1. Anything left to a spouse or civil partner is EXEMPT from Inheritance Tax

Inheritance Tax is a tax on the 'estate' of someone who's passed away. But as we've said, only around one in 25 families (around 6%) have to pay it.

One key reason for this is that if the deceased was married or in a civil partnership, anything they leave to their spouse / civil partner will be exempt from Inheritance Tax. This is the case regardless of the value of the deceased's estate.

So, even if the deceased had a million pounds when they died, if it's all left to their spouse or civil partner, Inheritance Tax WON'T be charged (anything they don't leave to their spouse / civil partner might be liable for Inheritance Tax though – read on for full details).

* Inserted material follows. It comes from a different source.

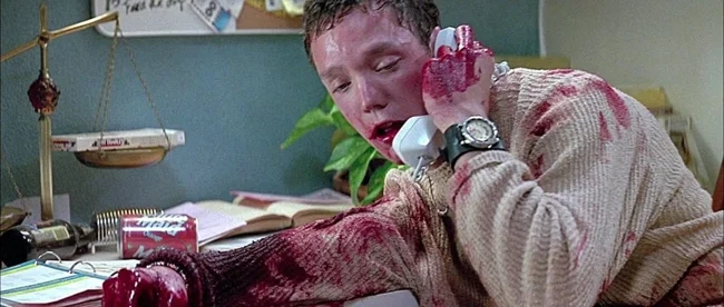 В сцене ближе к концу фильма Билли швырнул в Стью телефон случайно — трубка прилипла к руке актера Скита Ульриха из-за слишком липкой фальшивой крови. Но Мэттью Лиллард (Стью) не растерялся и подыграл коллеге, крикнув в ответ: «Ты меня, б****, телефоном ударил, у****!».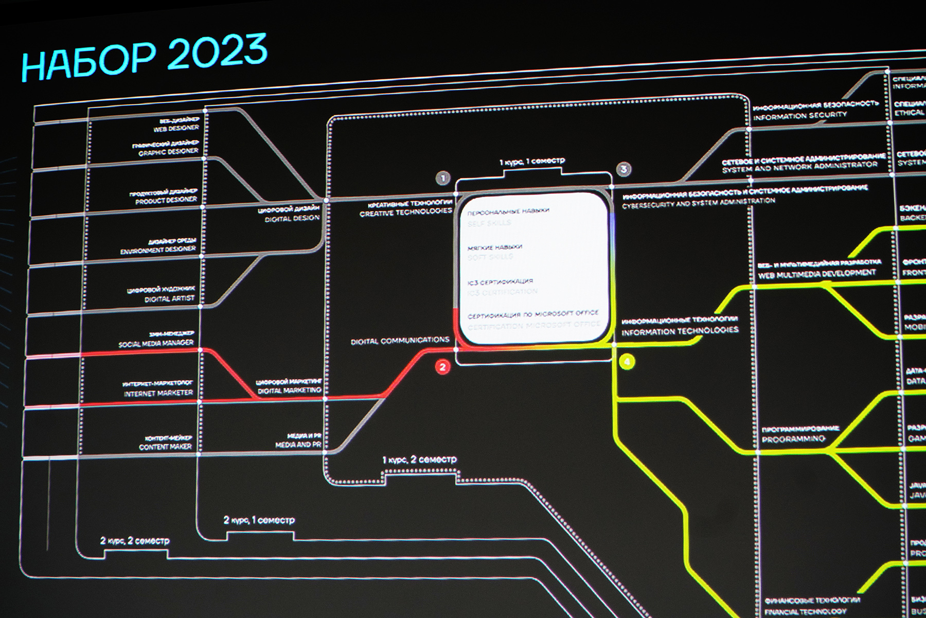 Кроме того, в колледже начинает работу и новая Кафедра цифровых коммуникаций. Здесь студенты получат знания в области продвижения товаров и услуг в интернете и получат бизнес-роли интернет-маркетолога или SMM-специалиста.

Do note this DOES NOT APPLY if you're simply cohabiting with your partner (even if you've lived together for years and have 20 children). In other words, if you live with your partner but are not married or in a civil partnership, any money you leave to them will NOT be exempt from Inheritance Tax. 

2. There's no Inheritance Tax on the first £325,000 you leave to other people (Inheritance Tax threshold)

Even if you leave part of your estate to somebody other than your spouse or civil partner, it's still unlikely you'll need to pay Inheritance Tax.

That's because everybody gets an Inheritance Tax-free allowance of £325,000. So, if the value of your estate (or anything that doesn't go to a spouse / civil partner) is below £325,000, there's no Inheritance Tax to pay. (This is also true if you leave everything over £325,000 to a charity or a community amateur sports club.)

 40% above the threshold.

To work out an estate's value, you'll need to add up the value of any assets the deceased had (savings, property, investments, vehicles, businesses, payouts from life insurance policies, etc) then minus any debts.

If there's tax to pay, the estate will theoretically be taxed at 40% on anything above the £325,000 threshold (or 36% if at least 10% of the estate, after any deductions, is left to charity).

We say 'theoretically' because, depending on your circumstances, there are ways to boost the £325,000 tax-free allowance to £500,000+...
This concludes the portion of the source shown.